Invivyd Completes Enrollment in Phase 3 LIBERTY Trial for COVID-19 Antibody vs. mRNA Vaccine
Event summary
- Invivyd completed enrollment in its Phase 3 LIBERTY trial comparing VYD2311 antibody to mRNA COVID-19 vaccine.
- The trial includes 210 participants and evaluates safety, tolerability, and immune response.
- Topline data expected in Q3 2026, potentially alongside DECLARATION trial results.
- VYD2311 aims to offer an alternative to vaccines with potentially fewer side effects.

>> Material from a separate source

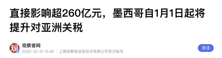 有意思的是,这税只定到年底。说明墨西哥也知道这事不能长久,先应付美国审查再说。但供应链一断,订单跑了,再想拉回来就没那么容易。

- LIBERTY is part of Invivyd’s broader REVOLUTION clinical program.
The big picture
Invivyd’s LIBERTY trial completion marks a critical step in evaluating VYD2311 as a potential alternative to mRNA COVID-19 vaccines. The trial’s direct comparison of antibody prophylaxis and vaccination could reshape preventive strategies, particularly if VYD2311 shows fewer side effects. Success in this trial would strengthen Invivyd’s position in the biopharmaceutical sector, especially as COVID-19 remains a global health concern.
What we're watching
- Clinical Efficacy
- Whether VYD2311 demonstrates superior tolerability and immune response compared to mRNA vaccines.
- Regulatory Pathway
- The pace at which Invivyd advances VYD2311 through FDA approval processes.
- Market Positioning
- How Invivyd positions VYD2311 as a preferred alternative to existing COVID-19 prevention methods.